For a general fraction $\dfrac{p}{q}$, the root of the whole thing works as separately taken roots of denominator and the numerator.
So, \[\dfrac{\sqrt{p}}{\sqrt{q}}=\sqrt{\dfrac{p}{q}}\].
This means we need to find the answer of $\sqrt{\dfrac{300}{6}}$ instead of finding \[\sqrt{300}\]
and $\sqrt{6}$.
Now we find the division where $\dfrac{300}{6}=50$. So, $\sqrt{\dfrac{300}{6}}=\sqrt{50}$
For $\sqrt{50}$, the prime factorisation of 50 will be
$\begin{align}
& 2\left| \!{\underline {\,
50 \,}} \right. \\
& 5\left| \!{\underline {\,
25 \,}} \right. \\
& 5\left| \!{\underline {\,
5 \,}} \right. \\
& 1\left| \!{\underline {\,
1 \,}} \right. \\
\end{align}$
Therefore, $\sqrt{50}=\sqrt{2\times 5\times 5}=5\sqrt{2}$.
The simplified value of the square root $\dfrac{\sqrt{300}}{\sqrt{6}}$ is $5\sqrt{2}$.
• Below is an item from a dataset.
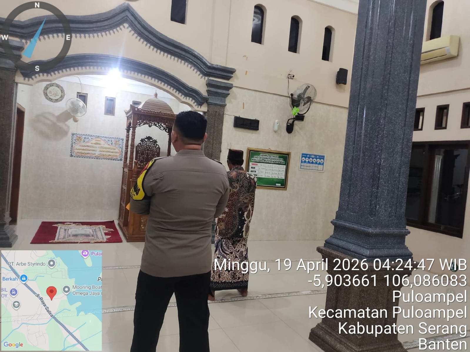 Bhabinkamtibmas Polsek Puloampel melaksanakan Shalat Subuh Berjamaah dalam rangka Program Commander Wish Kapolda Banten (SUBLING) - SUBUH KELILING. Minggu, 19/04/2026.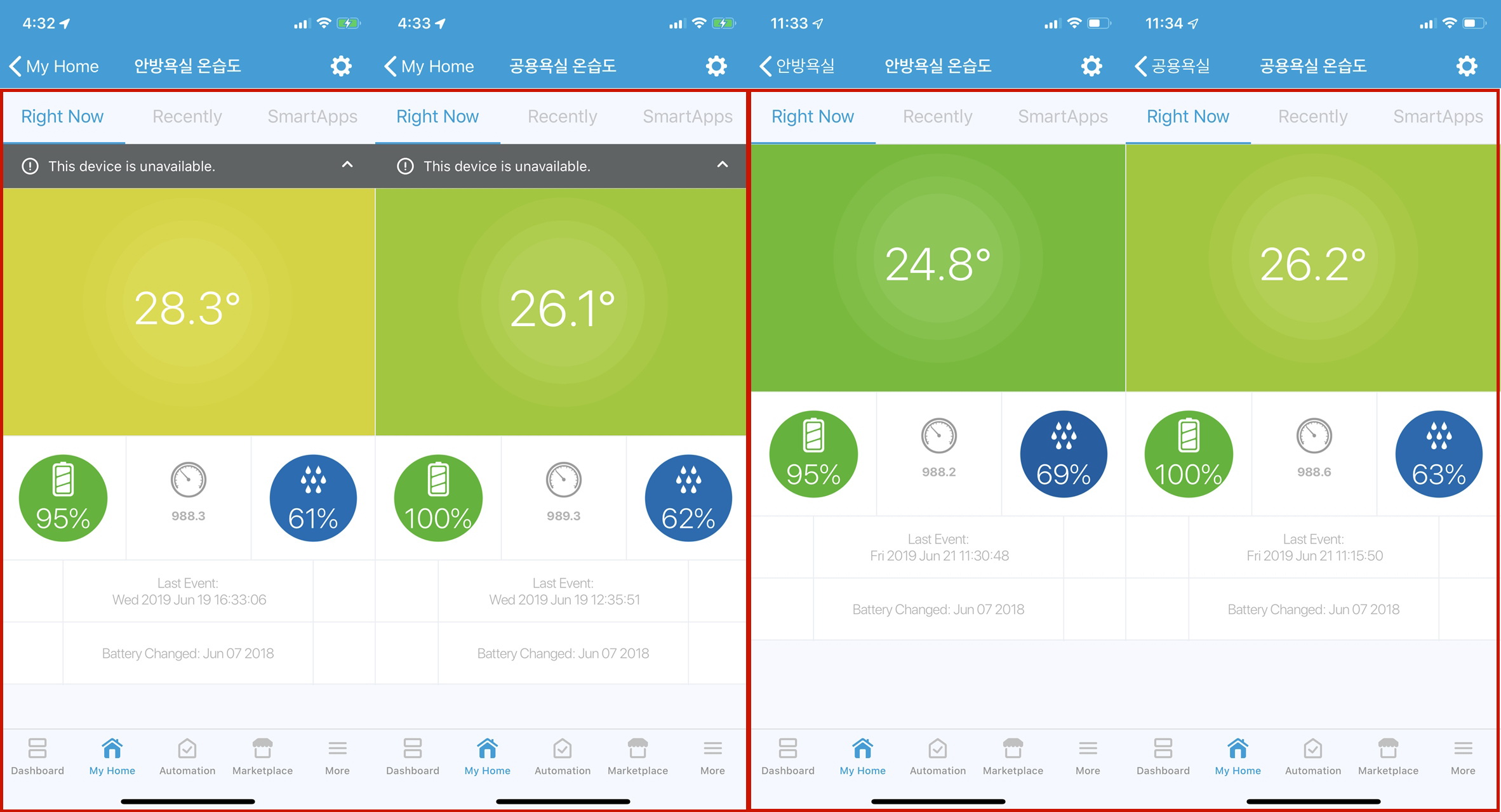 ST에 직결된 온습도 센서와 도어 센서가 30분 정도가 지나자 떨어지는 것으로 미루어 리피팅이 되나 보다.

Note: The thing we need to remember is that in normal cases of finding roots we find two values for square roots. But in this case, we only found and used positive results. We didn’t consider the negative part as the sign of the root was already provided as positive. If it was told to find a root of $50$, then we would have taken both positive and negative values.